I have grieved the ending of our breastfeeding relationship for weeks now, feeling just recently as though I am now 'okay' with it. It was a particularly hard thing to let go of, it was our connection, our quiet time away from the craziness. Most of all, this is another milestone in my smallest baby getting older, and sometimes that's just a hard one to swallow.


Throughout my process of grieving, and accepting our new routine without nursing, I have learned quite a bit. I know I am not the only mama out there who has had a hard time with letting go of not only breastfeeding, but truly any phase in particular. In an effort to make those difficult moments a little easier, Ill share what I've learned.

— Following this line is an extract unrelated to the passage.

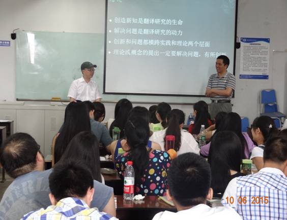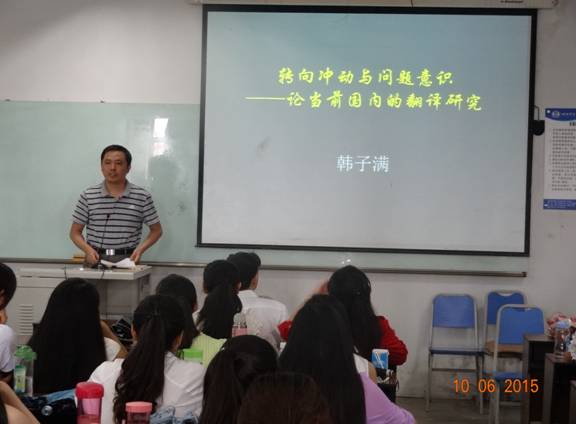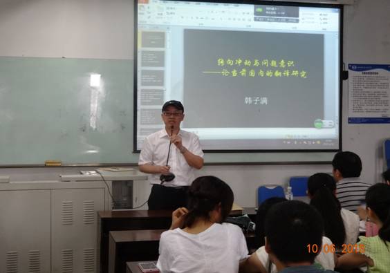 6月10日上午,解放军外国语学院博士生导师韩子满教授莅临我校,为我校师生带来了一场题为《转向冲动与问题意识——论当前国内的翻译研究》的讲座。讲座由我校研究生院副院长、博士生导师胡安江教授主持。高伟、朱雪莲、黄钰洁等老师及翻译理论与实践方向的研究生聆听了本次讲座。 韩教授首先向在场的老师和同学们讲述了他本人通过参加学术会议和大量阅读文献发现了翻译研究中涉及到的转向问题,同时对此问题进行了批判性的思考。他先是将国内对“转向”说引进及传播的总体情况进行了梳理和分析,同时指出国内的论文大多只针对翻译研究中的某一种转向,或者是只关注到了转向中的积极方面。继而将翻译研究中的转向进行了分类和详细阐释。随后,韩教授对“转向”说的实质进行了解释,他指出“转向”说反映了翻译研究的跨学科性,同时强调“转向”是个大杂烩,不完全是跨学科研究的套路,不完全是翻译研究新方向,描述的也不完全是翻译研究,并分别加以实例进行分析。韩教授指出,翻译研究“转向”有四个内容,分别为跨学科的理论资源,包括其他学科的理论、概念及方法等;研究的对象;研究方法;已发生变化的描述。经过对内容的深入解读,韩教授进一步挖掘了“转向”说的不足,即说法不够严谨,容易产生误解;过多过滥,不反映翻译研究的真实情况;内容庞杂,使用随意,反映研究中的问题。涉及到的问题主要有:精确性不足;术语使用不规范;缺乏学科自信;对跨学科研究的危险估计不足以及国内翻译研究的特有问题,即跟风、浮躁、麻木。跟风主要指创新不足,盲目跟风。浮躁指研究没有深入性,大多都是单篇文章,对转向介绍也不够准确。麻木主要指脱离社会和翻译行业的现实,这里韩教授以26本以translation命名的小说以及国内的小说《翻译官》为例进行了解释和说明。随后,韩教授总结了“转向”说的三个成因,分别为其他学科的影响,理论创新的焦虑,跨学科研究的意识。通过对上述问题的分析,韩教授提出了出路和问题意识。韩教授首先给问题下了定义,即需要解决的矛盾,继而提出翻译研究中需要解决的矛盾,分别为对有价值但是鲜有研究的现象、人物、数据、方法等进行研究,以及有明显研究价值,前人也进行过研究,但是研究中存在不足的现象。韩教授强调,翻译研究中的问题意识的实质就是要创新,韩教授结合我校研究生所使用的教材,充分阐释了创新不应该刻板地局限在理论创新层面。最后,韩教授指出翻译研究应该关注的五类问题:翻译新现象,有待研究的旧现象,可以借鉴的新理论,已有的翻译研究,新的翻译研究方法。韩教授对以上五类问题又进行了充分地展开和阐释。 胡安江教授结合翻译理论与实践方向研究生所学课程对本次讲座进行了全面细致的总结。他呼吁同学们在搜集文献的时候要遵循穷尽原则,要对文献进行甄别,对正反观点进行梳理,要提出个人的创新观点。同时,胡教授也提到一门独立的学科需要有自己的理论术语、研究对象和研究方法。胡教授还倡导听众多多借鉴韩教授在研究中所采用的研究途径,即发现不足、分析成因、寻找出路、解决问题。 韩教授的讲座引发了与会者的热烈响应。讲座在一片热烈的掌声中落下帷幕。同学们纷纷表示,韩子满教授的讲座让自己受益匪浅,不仅使自己从新的视角认识到了翻译研究中的“转向”说,也开启了我们翻译研究的新的征程。

I think things are not meant to last

so that for the short time they

are here, we are able

to appreciate them

and love them

so much more

fully than if

they lasted

forever


- Elizabeth Gultom


It's Okay not to be Okay.

You're grieving, whether or not that is how other's see it, that's what it is. You are allowed to ugly cry, you're allowed to be sad, you're allowed to scream into a pillow, whatever works for you! You're allowed to have your moments, heck even whole days. It's part of the process, and if you don't allow yourself this time to cry, and let those emotions come out, you'll find yourself not being able to get to the other side of this.


Talk it out.

Sometimes as moms, we want to stay strong, and it may seem that admitting that we're emotionally struggling would mean we're admitting weakness when in fact, it's quite the opposite. Reaching out and talking about your emotions, admitting that your struggling, that takes some serious strength. So, find your person, and talk it out. I promise - it helps, even if you don't feel like you want to talk about it, you'll find yourself feeling so much lighter after doing it.


Find your village.

Everyone, especially moms, needs a village. We need to have a sounding board, we need support when we feel weak, we need people who will listen when we need to be heard, or make us laugh when we're feeling down. If you don't yet have your village, don't fret, you'll find it. Go to local mom groups, even online groups and set up an in person get together. Chat with another mom at the grocery store, you may be very surprised where your find your people.


Focus on what comes next

This is after you've allowed yourself to cry, talk, vent and process. Once you've done that, it can be healing to find the next step to look forward to. For myself, for example, it was that for the first time in 5 years, I'm neither pregnant, or breastfeeding. I am allowing myself to enjoy watching my baby turn into a curious toddler, and soak up every ounce of snuggles I can get from him. I have realized that, just like with the difficult phases, there's always a new fun and exciting one waiting after one ends. I think that may just be the best part of parenthood, there's always something new and exciting to look forward to.


Unfortunately (some times fortunately), everything has to have an ending. Those endings can sometimes be so much harder than we anticipated, and it can be a rocky road to get through them. Take the time to grieve and process, and take care of yourself. It does get easier, and before you know it you'll be onto the next phase and loving every minute of it.